I've just taken delivery of my first Moo mini-card order having been inspired by friends and acquaintances who gave me these memorable mini cards, roughly half the size of a business card.










The pic above shows the front and back of the 5M Coffee cards, but you can mix and match images (eg 10 lots of different images for one side of the card whilst the names stayed the same, or different names on the rear side whilst the front of the card stayed the same.

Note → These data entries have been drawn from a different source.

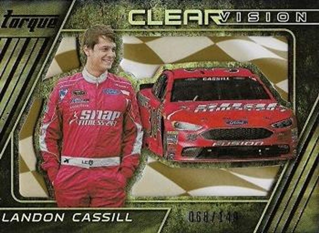 The Landon Cassill 2016 Torque NASCAR #23 Clear Vision Gold /149 card is 1 of 38 Landon Cassill's card variations in the 2016 Torque NASCAR set being tracked by Sports Card Investor, including Base, Gold, Blue /125, Red /99, and Artist Proof /50.
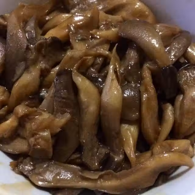 6、關火,等平菇涼一點,放香油,攪拌均勻,盛到瓶子或者碗里。
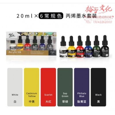 蒙玛特(Mont Marte)丙烯颜料 丙烯墨水套装防水手绘diy涂鸦流体画马克笔补充液 6色20ml常规PMNK0001 (SKU:yzwhyp917061
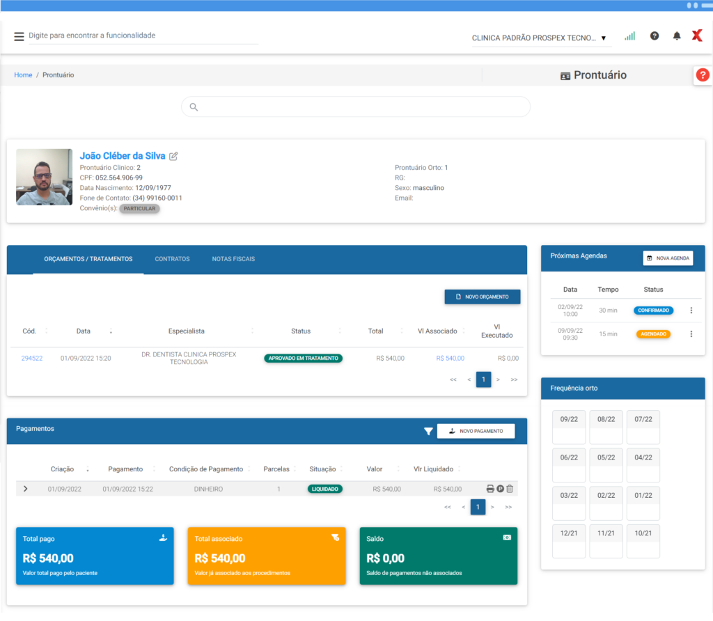Prontuário eletrônico organizado com foto, titulares e dependentes, agendas, controle de frequência, etc.
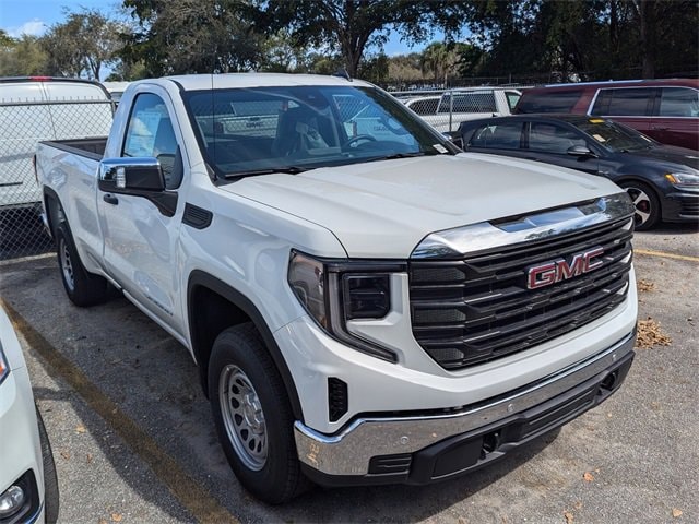 Summit White 2025 GMC Sierra 1500 Pro 4WD 10-Speed Automatic EcoTec3 5.3L V8 10-Speed Automatic, 4WD, Jet Black Vinyl.
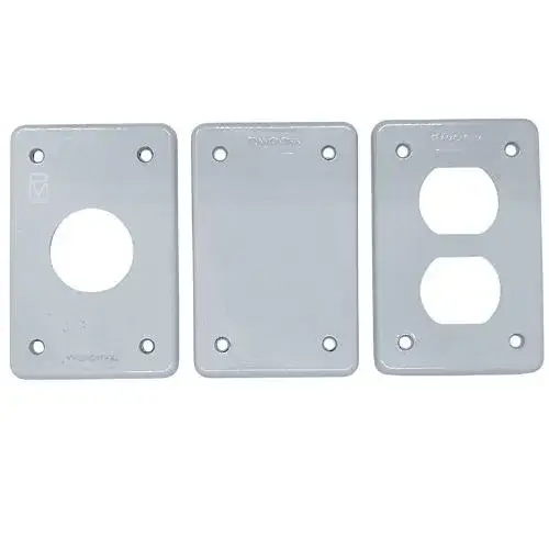 Contamos con tres modelos distintos, dependiendo del que requieras: la tapa para caja de registro ciega no tiene accesos, la sencilla cuenta con una y la dúplex tiene dos. Están hechas de metal resistente y galvanizado, y son especiales para las cajas FS.
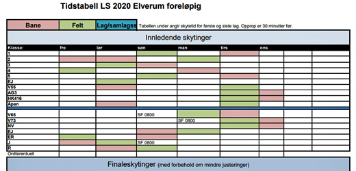 Skytetider for LS 2019 er nå klare. Her finner du blant annet skytetider, resultater, skytekort,...
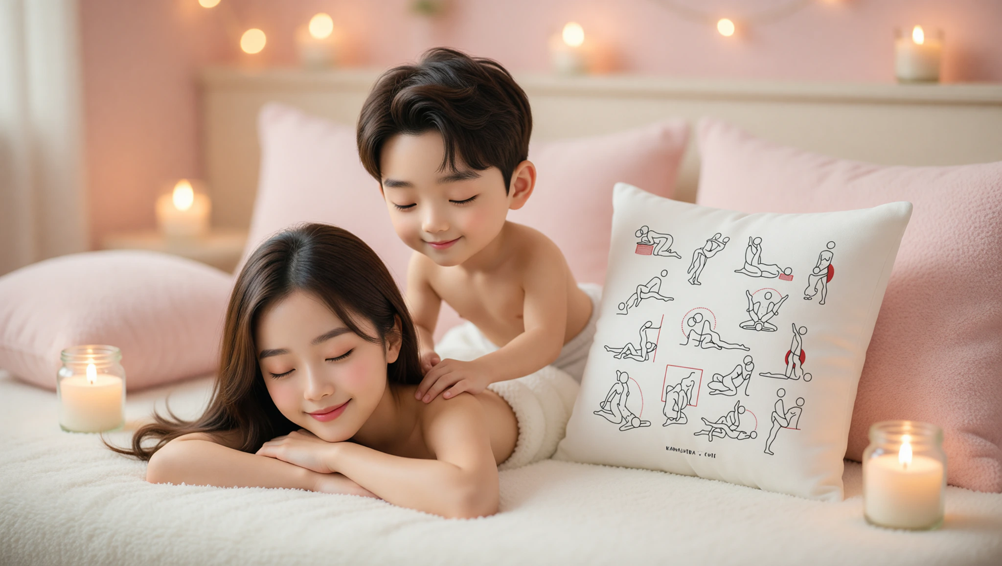 Er liegt hinter dir, eng umschlungen. Seine Hände wandern über deinen Rücken, massieren Schultern und Hüften. Bewegungen langsam, rhythmisch. Atmet synchron, lasst die Wärme aufsteigen. Perfekt für tiefe Entspannung.
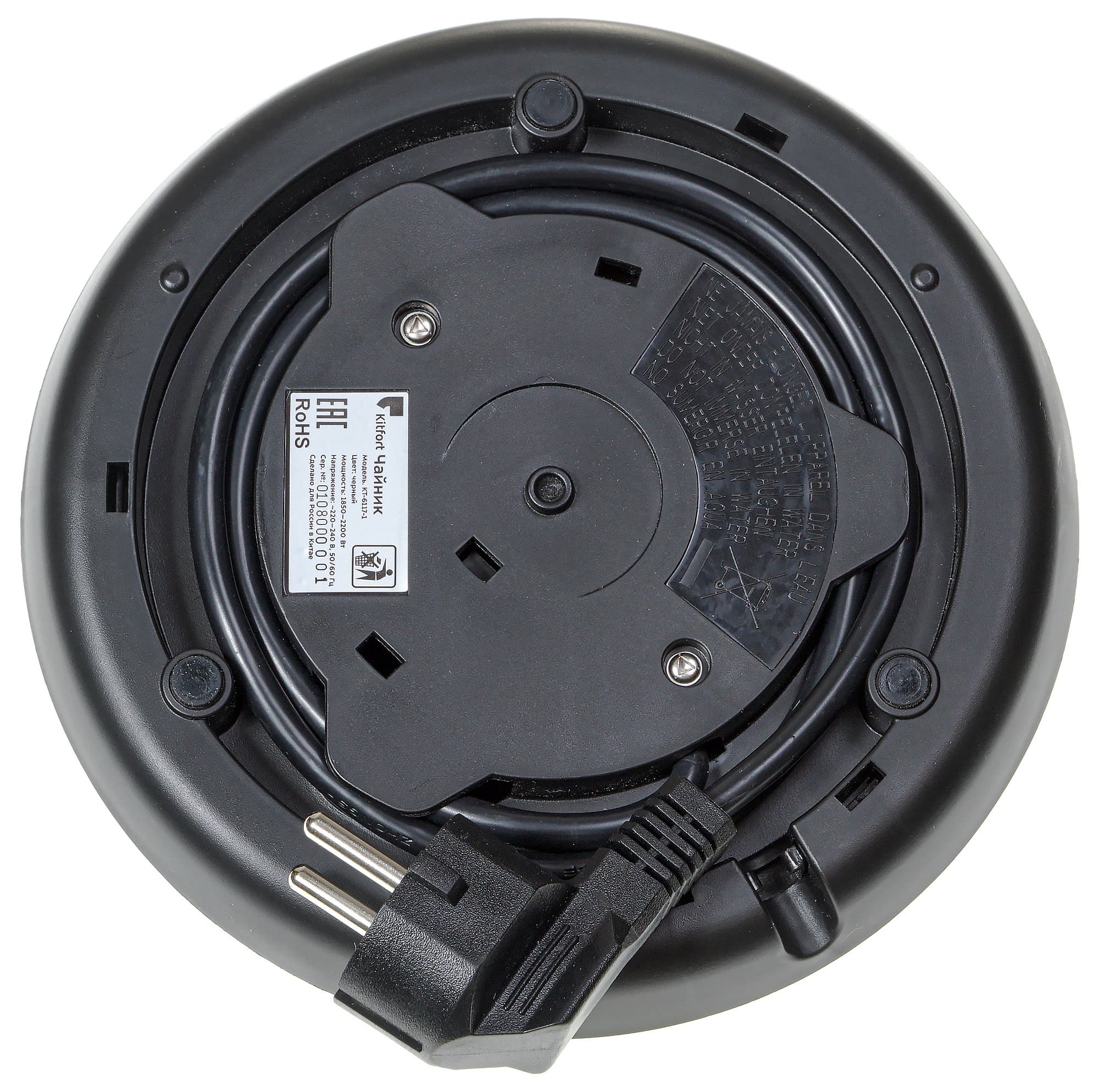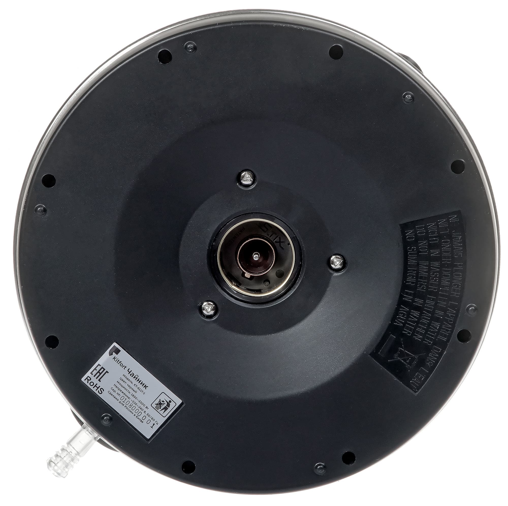 Нижняя часть корпуса у прибора — пластиковая. На одной из боковой стороне находится логотип Kitfort, сзади — рычаг включения, снизу — уже хорошо знакомая нам контактная группа Strix и информационная наклейка. Как водится, чайник можно свободно вращать на базе.
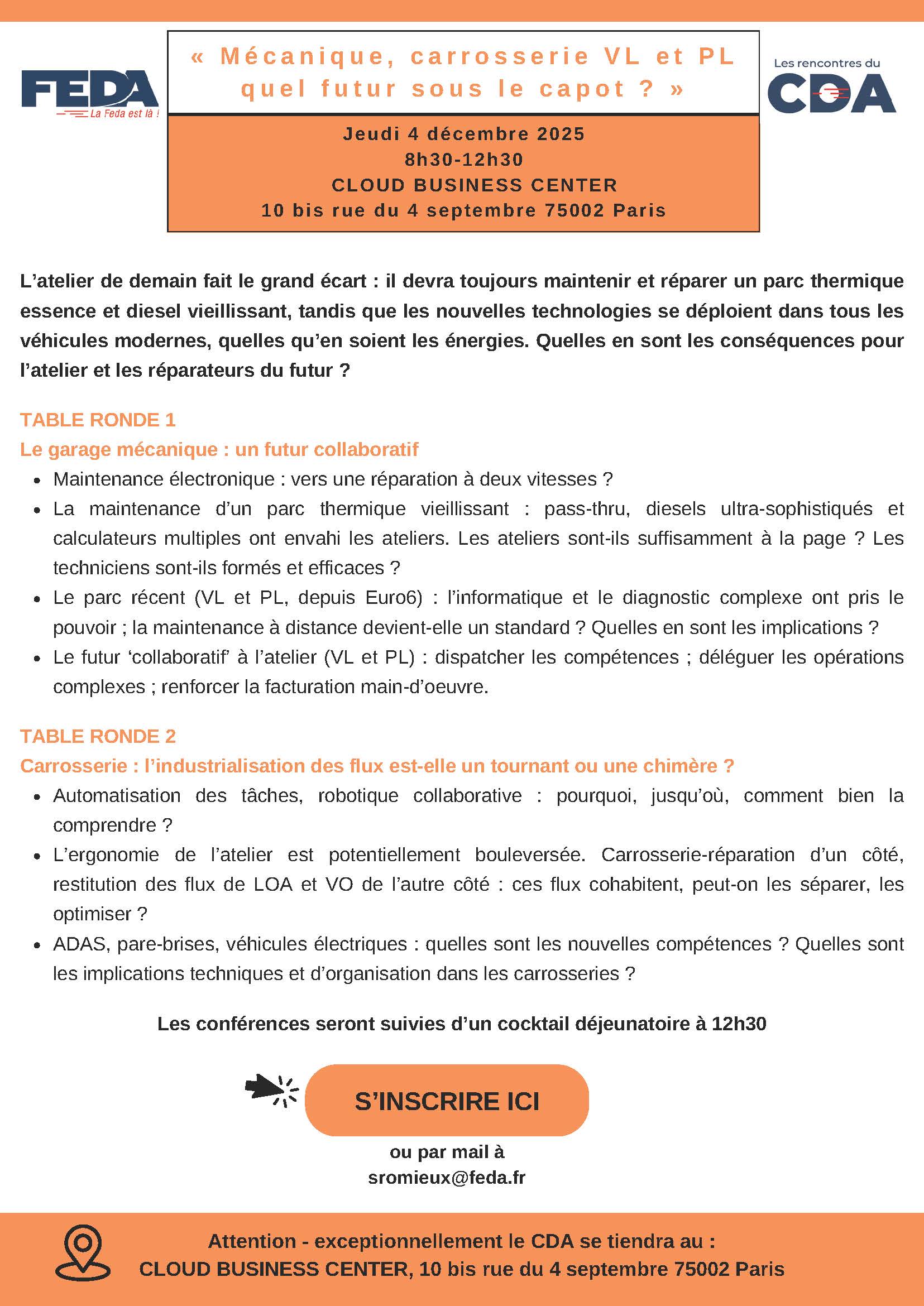 CDA "Mécanique, carrosserie VL et PL quel futur sous le capot ?" au Cloud Business Center - 75002 Paris
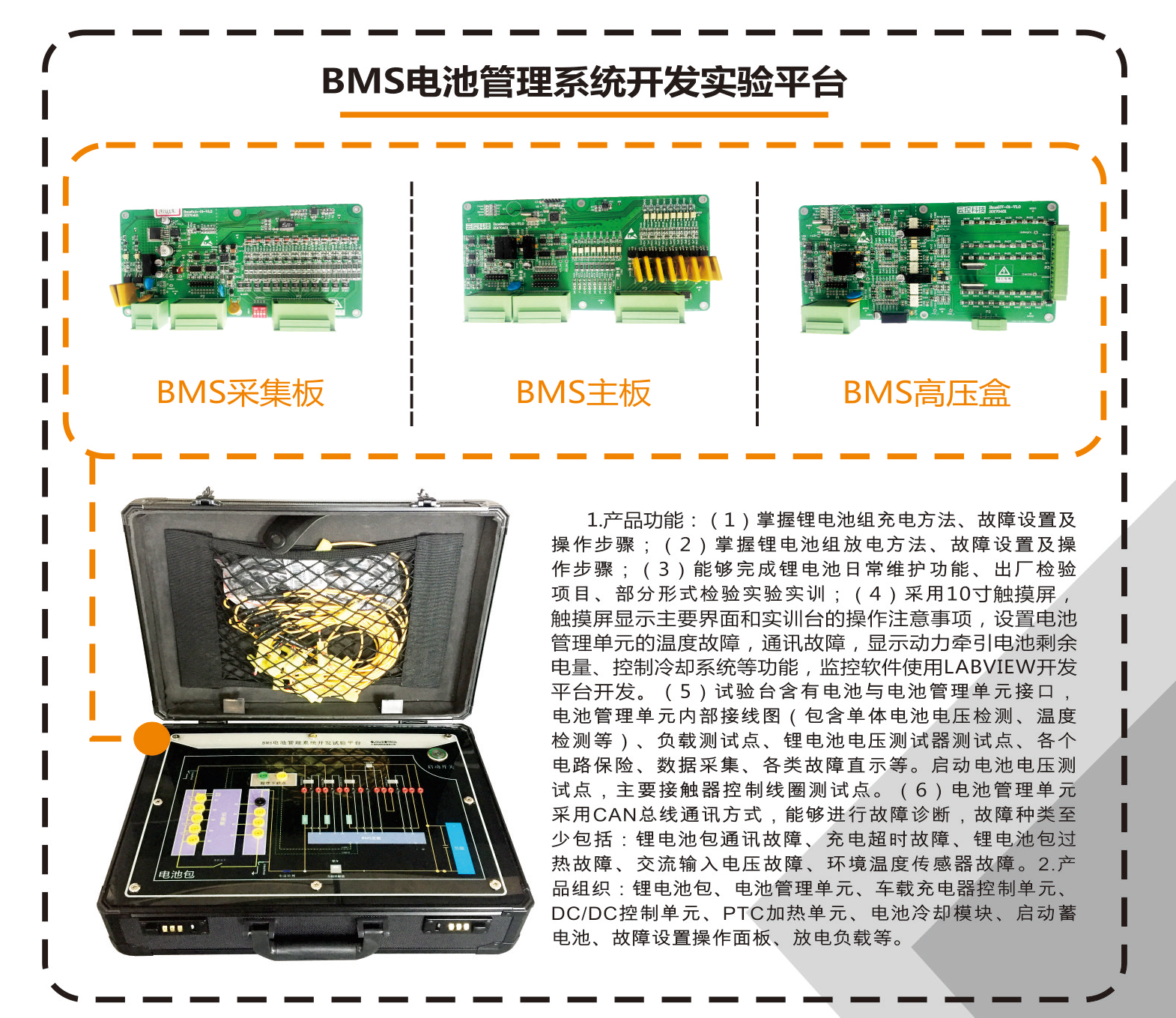 BMSPACK組裝實(shí)驗(yàn)臺 技術(shù)要求: 1. 實(shí)訓(xùn)臺采用高性能嵌入式數(shù)字電池電路板,故障模擬板,ARM核心主控板,車用磷酸鐵鋰動力電池,臺架動力電池組采用24節(jié)單體電池串聯(lián)組...
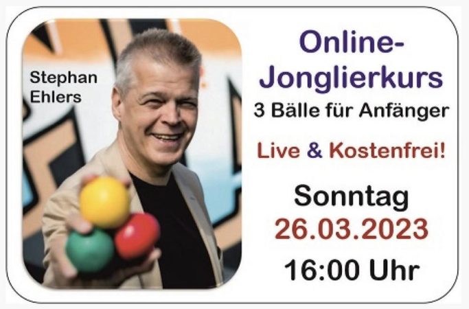 In diesem Workshop lernt man in verblüffend kurzer Zeit das Jonglieren mit 3 Bällen bei Deutschlands erfolgreichstem Jongliertrainer. Nach dem Kurs kann man allein weiterüben… dazu gibt es hinterher für alle Teilnehmer Hinweise und Links zu kostenfreien Video-Tools und Lern-Apps. Die Teilnahme an diesem Online-Workshop ist KOSTENFREI!
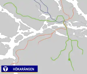 Hökarängen metro station is on the green line of Sweden's Stockholm metro, located in Hökarängen, Söderort. The station was inaugurated on 1 October 1950 as part of the inaugural stretch of Stockholm metro between Slussen and Hökarängen. On 18 November 1958 the line was extended south to Farsta.[2] The distance to Slussen is 7.7 km (4.8 mi).
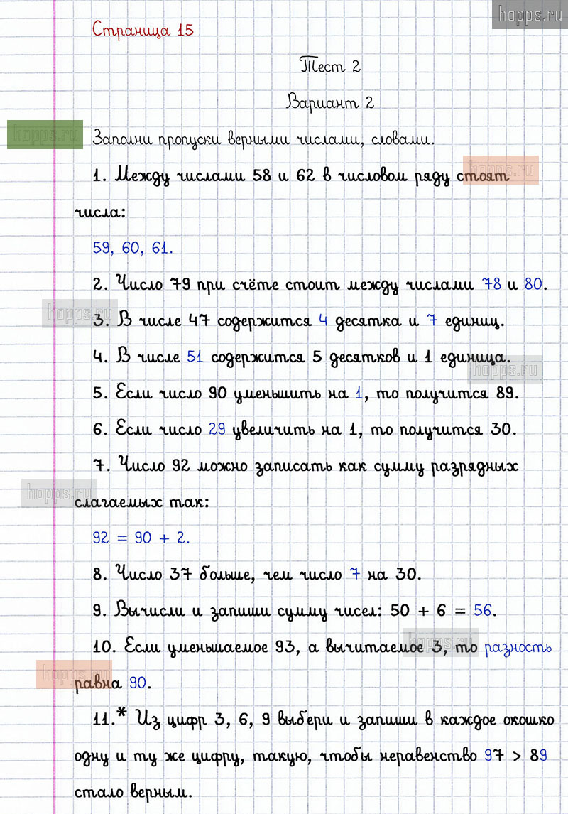 Подробные ответы к заданиям, расположенным на 15 странице проверочных работ по математике авторов С.И. Волкова для учащихся 2 класса. Нумерация. Тест 2, вариант 2.
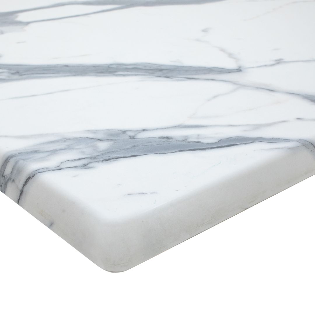 Table Top: Gloss Romeo Marble Base: Matte Black Powdercoat |
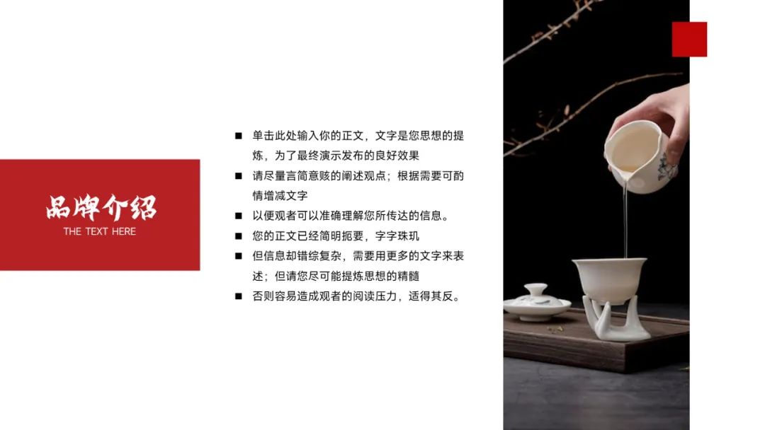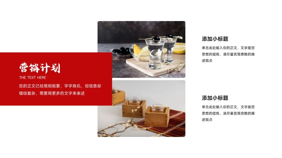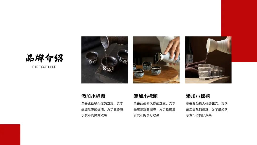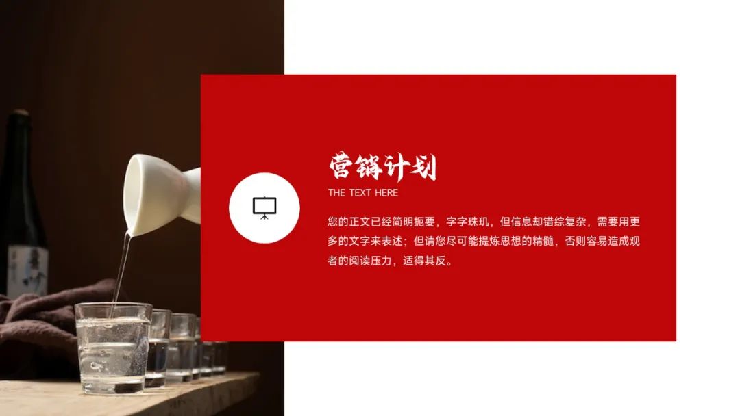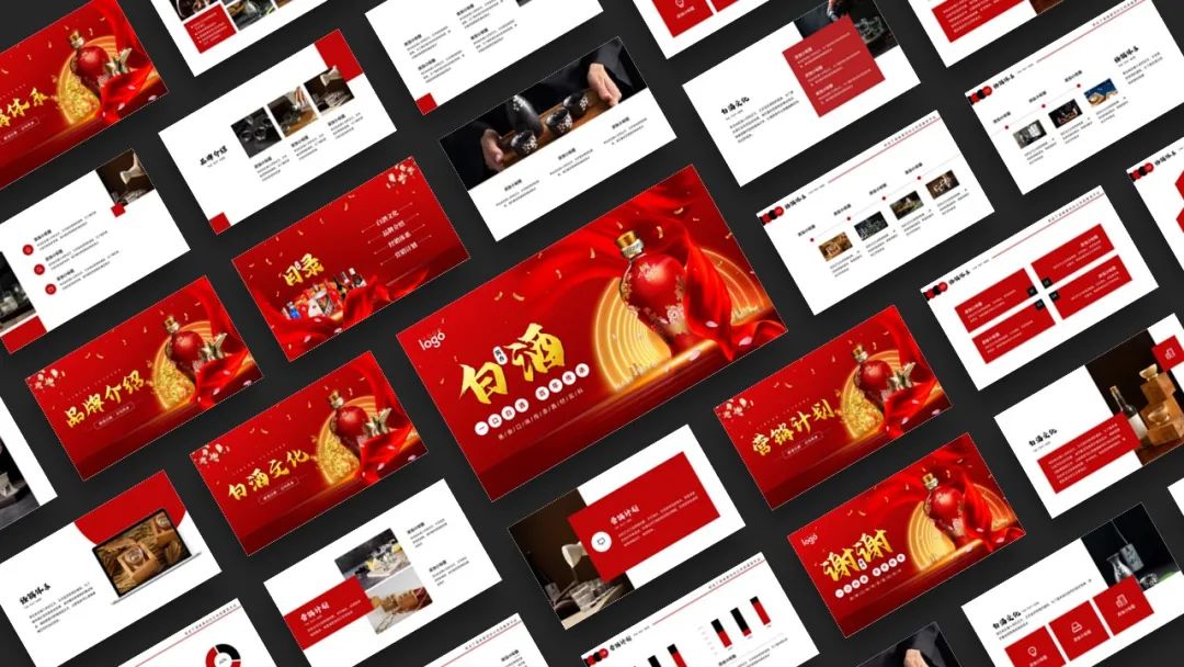 今天这套是烟酒茶系列中的白酒主题,设计的出发点就是要符合大家对白酒设计的普遍印象,所以采用了喜庆红配色,再以产品展示为主,搭配红绸缎、背景光效,塑造出白酒产品的大气美观,凸显白酒文化的高端内涵,整套版式还是挺不错的,具体内容大家看预览图哈~TIP:免费领取见文末!

Prices are reasonable, but the Moo team have kindly inserted an offer code for 15% off your first order so feel free to use

*2RB2CK*

We'll be ordering more in advance of Caffe Culture & WBC 2010

Keep an eye out for the cards at The Bath Coffee Festival too


----------



## Glenn

The 15% discount code has now expired but a 10% discount code has now been activated - Just enter *R9EEVE *into the checkout box on *Moo*


----------



## LeeWardle

I love the idea of these cards!


----------



## Glenn

I got lots of ooh's and aah's when exchanging these cards at Caffe Culture / WBC

There is plenty of interest in their size and I am sure Moo will be receiving orders from many exhibitors in the coming months.


----------



## LeeWardle

Well it just so happens that I'm in the Market for some new business cards!


----------



## Glenn

Keep an eye out on Twitter for discounts that frequently appear as well. Register for their Moosletter as well.


----------



## LeeWardle

Will do! I have uploaded some images and ordered the free card pack so I can get a good idea of the quality before I order.

Lee


----------



## LeeWardle

Just ordered a set of 100. Branding not finished yet, just used some generic latte art/extraction/coffee related photographs of mine at the mo. Really cheap too! Highly recomended!

Lee


----------